In a defiant public address Friday, Tokayev said the unrest that began earlier this week as protests against rising fuel prices had been masterminded by well-trained “terrorist bandits” from both inside and outside the country. Kazakh state media reported Friday that 18 security personnel and 26 “armed criminals” had been killed in violent protests. More than 3,000 people have been detained.
Tokayev said the situation had “stabilized” in Kazakhstan’s largest city, Almaty, and that the “introduction of a state of emergency is yielding results.”
“But terrorists continue to damage state and private property and use weapons against citizens,” he said. “I gave the order to law enforcement agencies and the army to open fire to kill without warning.”
The speech attempted to undermine the narrative that the demonstrations were a product of popular unrest that turned increasingly destructive and deadly. Tokayev said the violence was the product of a well-organized enemy, armed with sleeper cells carrying out “terrorist attacks” and “specialists trained in ideological sabotage, skillfully using disinformation or ‘fakes’ and capable of manipulating people’s moods.”
“Their actions showed the presence of a clear plan of attacks on military, administrative and social facilities in almost all areas, coherent coordination of actions, high combat readiness and bestial cruelty,” Tokayev said. “They need to be destroyed.”
However, several protesters who spoke to international media rejected that characterization.
“We are neither thugs nor terrorists,” one woman said. “The only thing flourishing here is corruption”
Another man told CNN that people “want the truth.”
“The government is rich, but all of these people here have loans to pay. We have our pain, and we want to share it,” he said.
The demonstrations are the biggest challenge yet to the autocrat’s rule, with initial public anger over a rise in fuel prices expanding to wider discontent with the government over corruption, living standards, poverty and unemployment in the oil-rich nation — all of which has been exacerbated by the Covid-19 pandemic, experts say.
In his address, Tokayev highlighted that peaceful assembly was legalized in 2020 to promote democracy. However he said calls from abroad to find a peaceful solution were “nonsense.”
“What kind of negotiations can there be with criminals, murderers?” Tokayev added.
Tokayev said a contingent of the Collective Security Treaty Organization (CSTO), a Russian-led military alliance made up of former Soviet states, has arrived in the country “for a short period of time” to carry out the functions of defense and support. The organization’s secretary-general, Stanislav Zas, told Russia’s state-run English language Sputnik news agency that about 3,600 CSTO personnel would be deployed to Kazakhstan to protect government and strategic facilities and help maintain public order. Russian state news agency TASS reported that a brigade of airborne forces had arrived in Kazakhstan.

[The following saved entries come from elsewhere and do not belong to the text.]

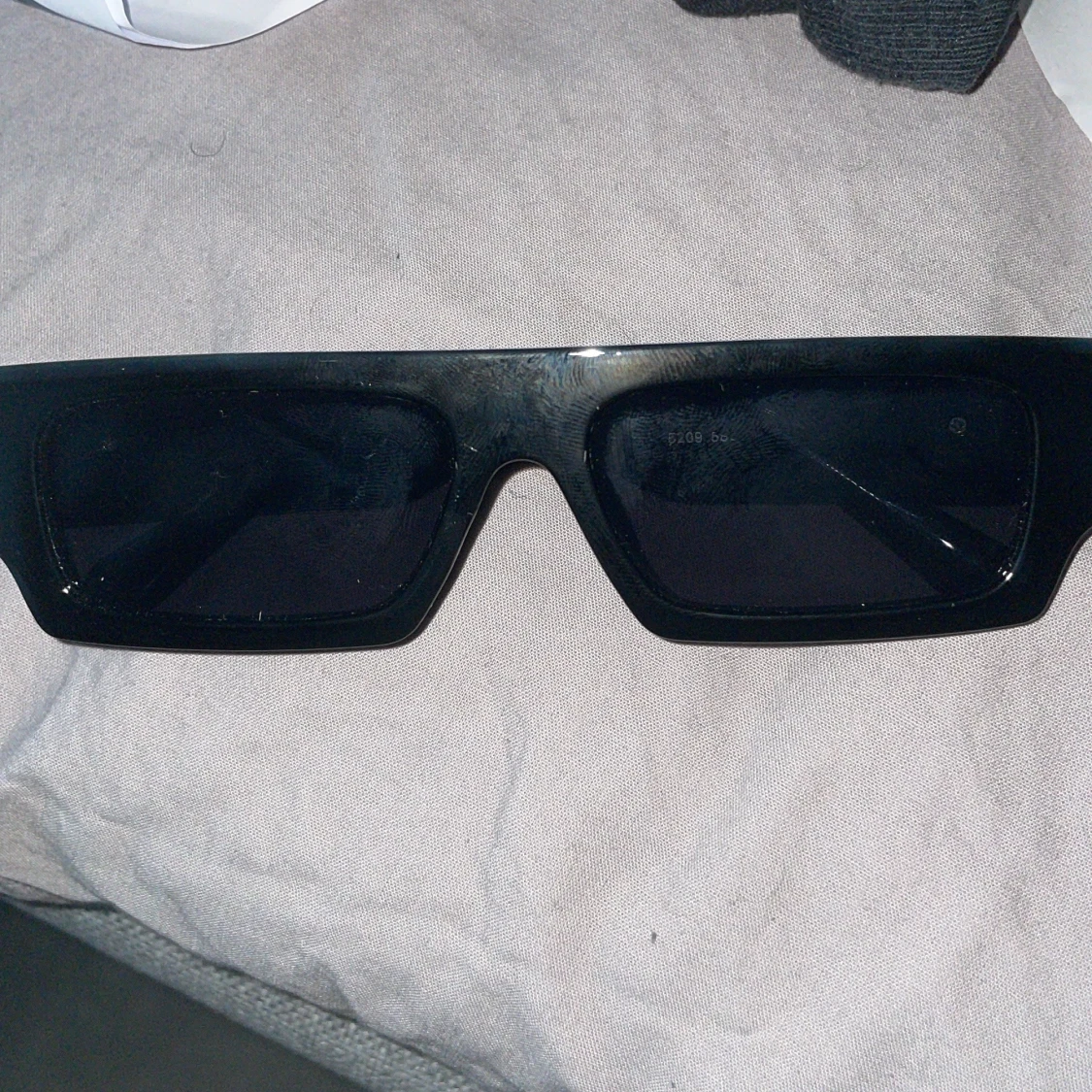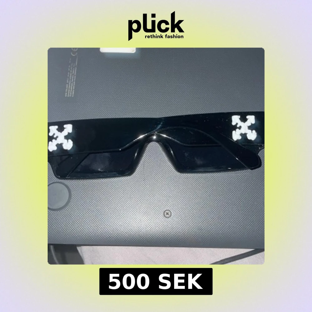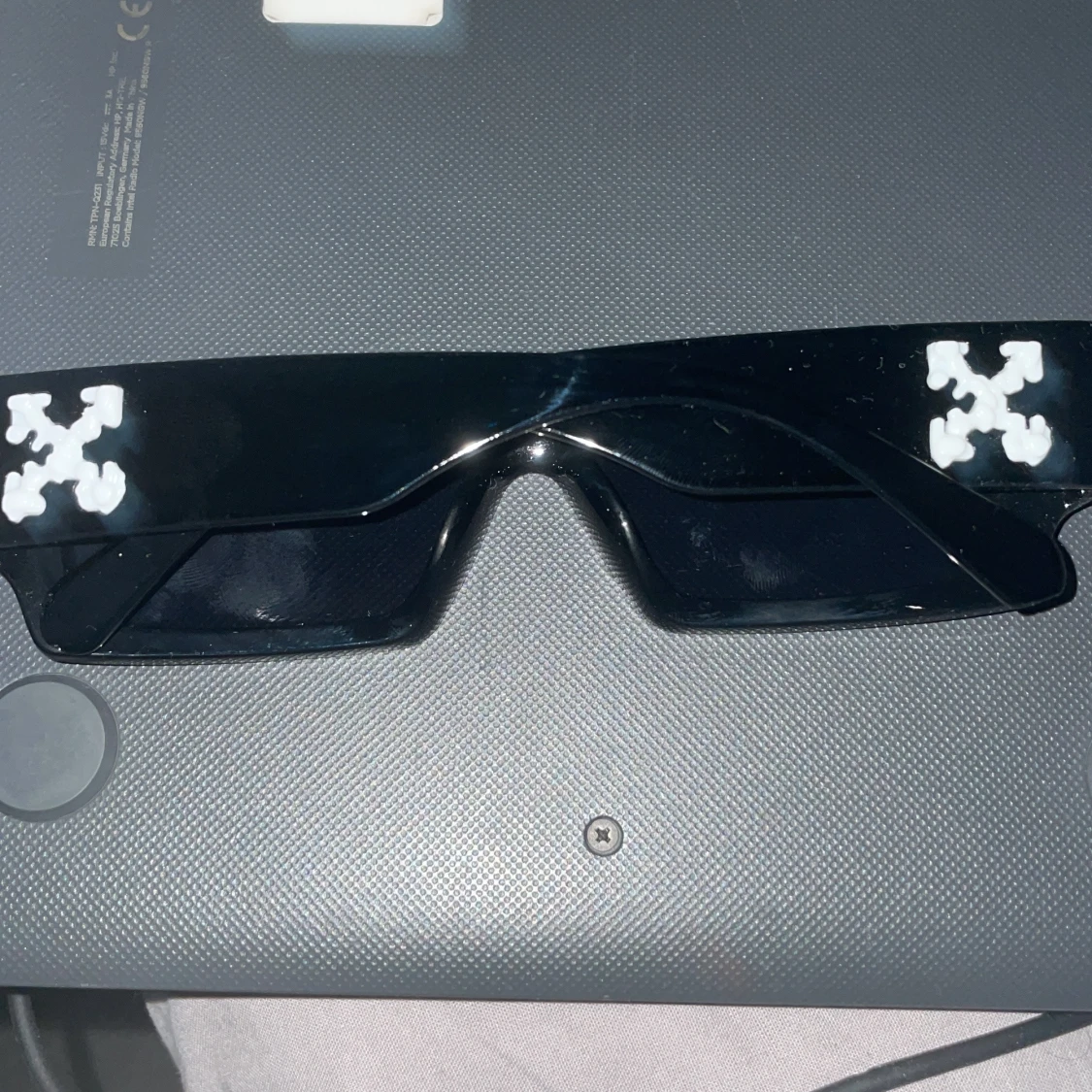 Snygga svarta solglasögon med en rektangulär form och vit logotyp på sidorna från off white Perfekta för en stilren look.
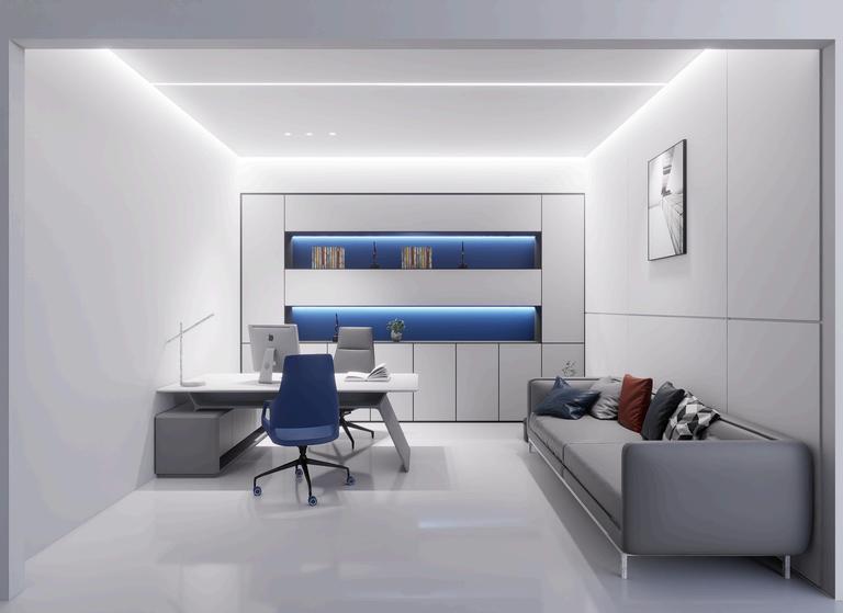 This design captures Trip.com’s clean, modern identity. Blue-white tones and soft linear lighting create a calm, techforward atmosphere. The layout flows naturally from open areas to private workspaces, making the office easy, comfortable, and enjoyable to use.
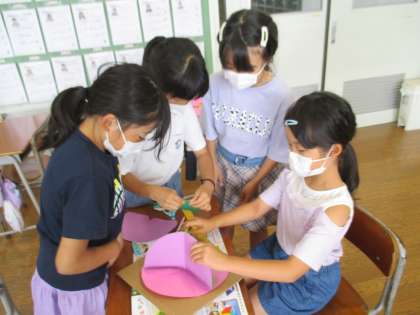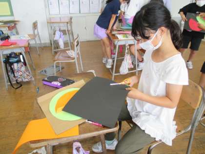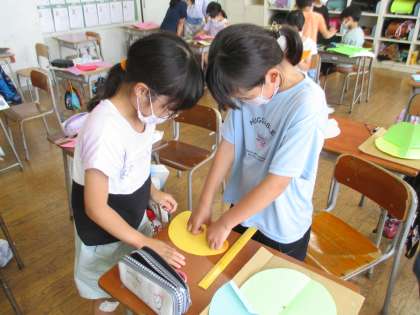 図画工作科の学習では、割りピンを使って紙が回る仕組みを生かし、どんな世界が広がっているかを想像しながら作品作りに取り組んでいます。
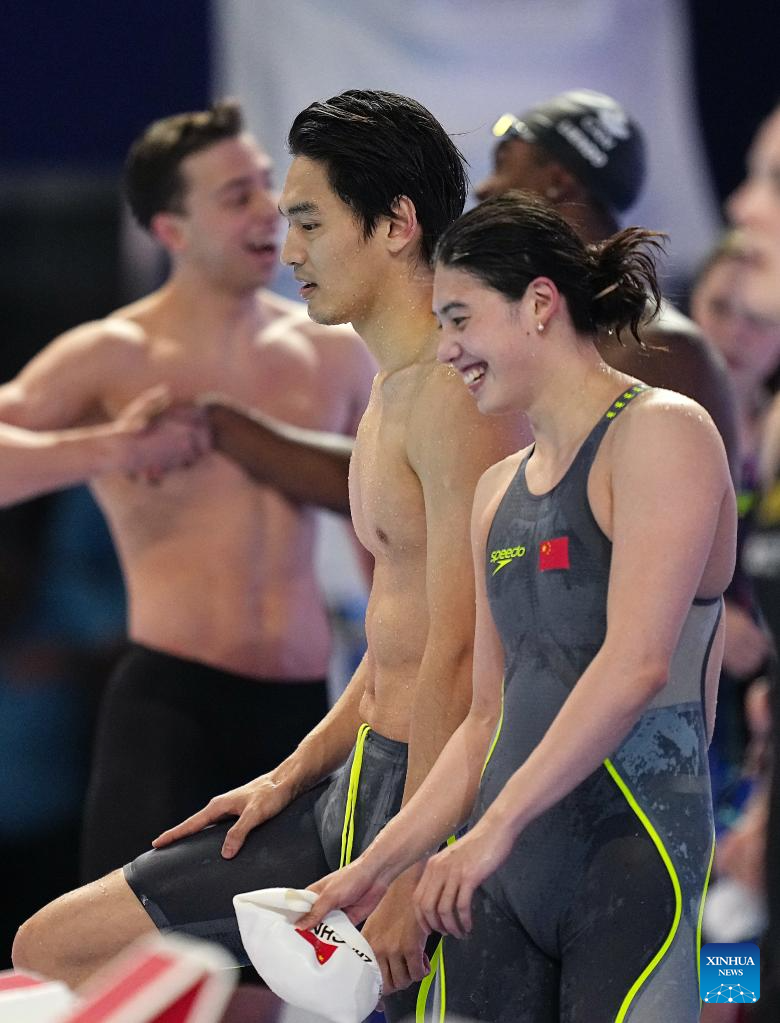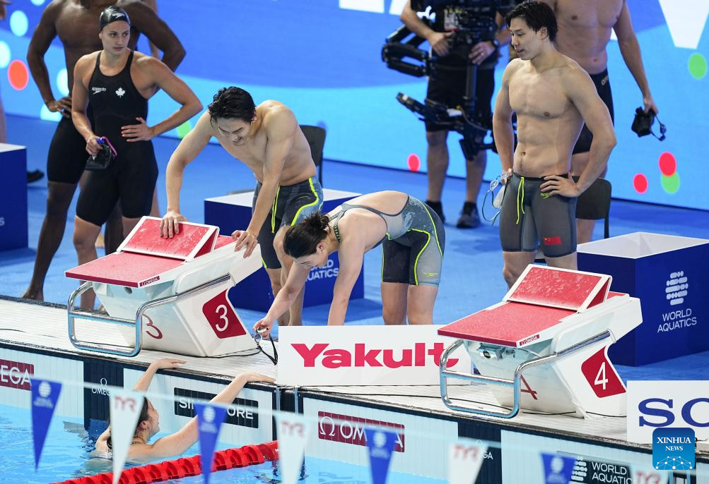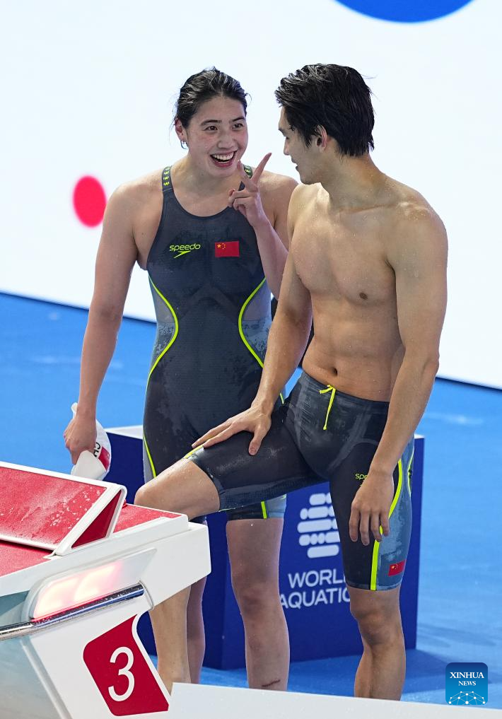 Team China's Xu Jiayu (L front) and Zhang Yufei are seen after the mixed 4x100m medley relay final of swimming at the World Aquatics Championships in Singapore, July 30, 2025. (Xinhua/Xia Yifang)
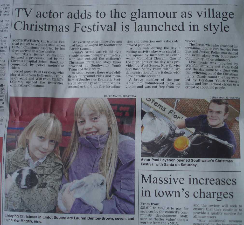 Update1: It's in Lintot sq. just jacked into a wi fi feed by the coffee shop. No rain as yet and a decent turnout for a village fete thing. Local fire brigade and force are here giving Santa a hand
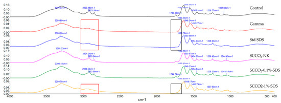 Representative FTIR spectra of the control, gamma-irradiated, standard-SDS-treated, SCCO2-NK-treated, SCCO2-0.1%-SDS-treated, and SCCO2-1%-SDS-treated tendons. The red and black boxes highlight the reductions of absorption peaks associated with CH2 and carbonyl groups, respectively.
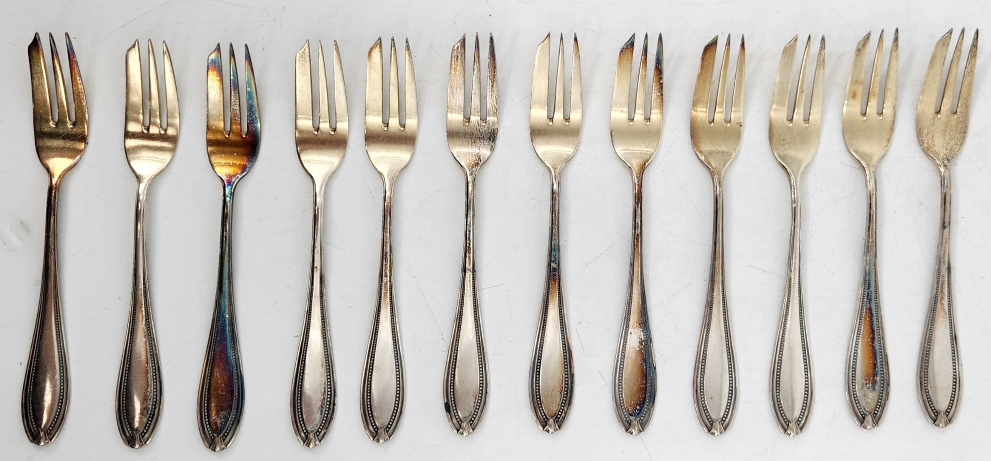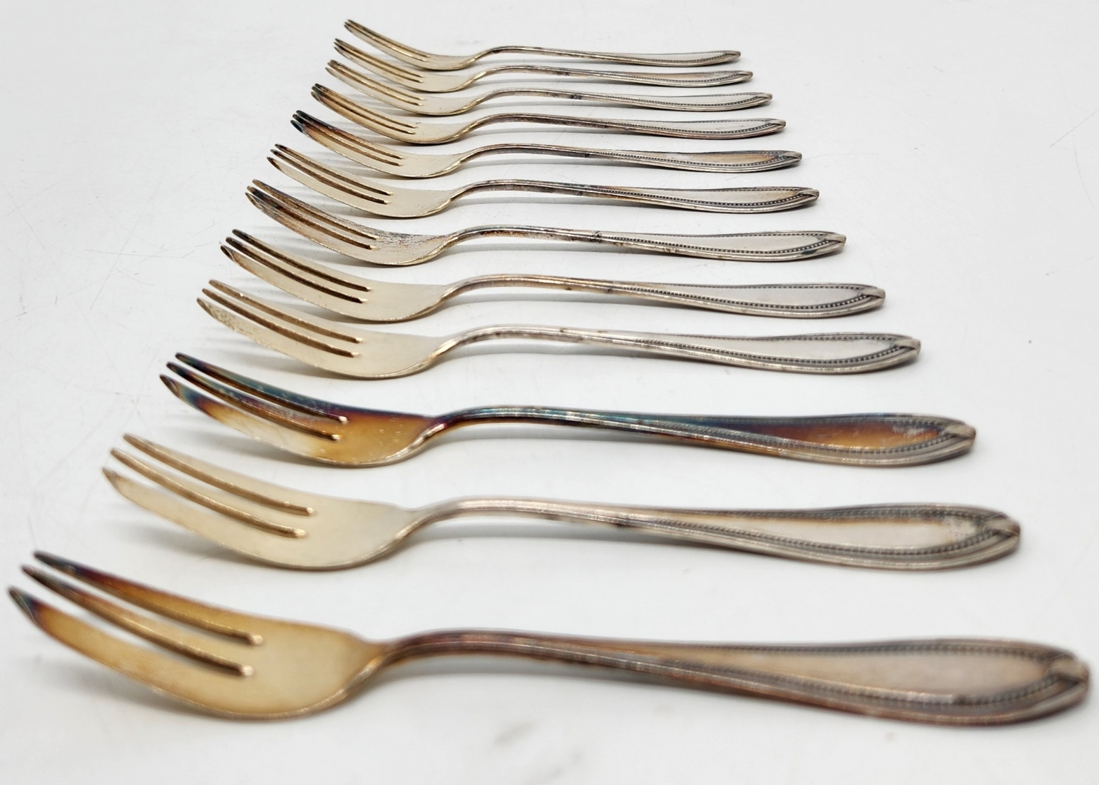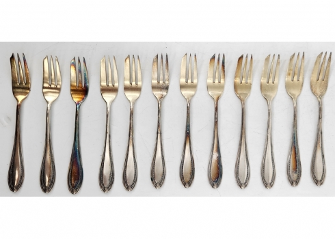 סט של 12 מזלגות כסף גרמניים ישנים מתחילת המאה העשרים, עשויים כסף '800', משקל כולל: 279 גרם סה"כ, אורך: 14 ס"מ.

Tokayev thanked the heads of CSTO countries for their support and expressed “special gratitude” to Russian President Vladimir Putin for “very promptly and, most importantly, in a friendly manner reacted warmly to my appeal” for a CSTO contingent.
The Kazakh leader also thanked Chinese President Xi Jinping, the presidents of the other CSTO member countries, the presidents of Uzbekistan, Turkey and “the leaders of the UN and other international organizations for their words of support.”
Kazakhstan, the world’s ninth-largest nation by landmass and Central Asia’s the largest economy, has often boasted of its stability in a region that has seen its share of conflict.
Even before its independence in 1991, the country’s political scene was dominated by one man — Nursultan Nazarbayev. The longtime president and former Communist Party official ruled for almost three decades before stepping down in 2019. His autocratic method of governance sparked international concern and saw authorities harshly crack down on protests, jail critics and stifle press freedoms, according to global rights groups. Critics accused Nazarbayev of appointing family members and allies to key jobs in government and his family is believed to control much of the Kazakh economy, Reuters reported.
Amnesty International said the protests are “a direct consequence of the authorities’ widespread repression of basic human rights.”
“For years, the government has relentlessly persecuted peaceful dissent, leaving the Kazakhstani people in a state of agitation and despair,” said Marie Struthers, Amnesty’s director for Eastern Europe and Central Asia in a statement.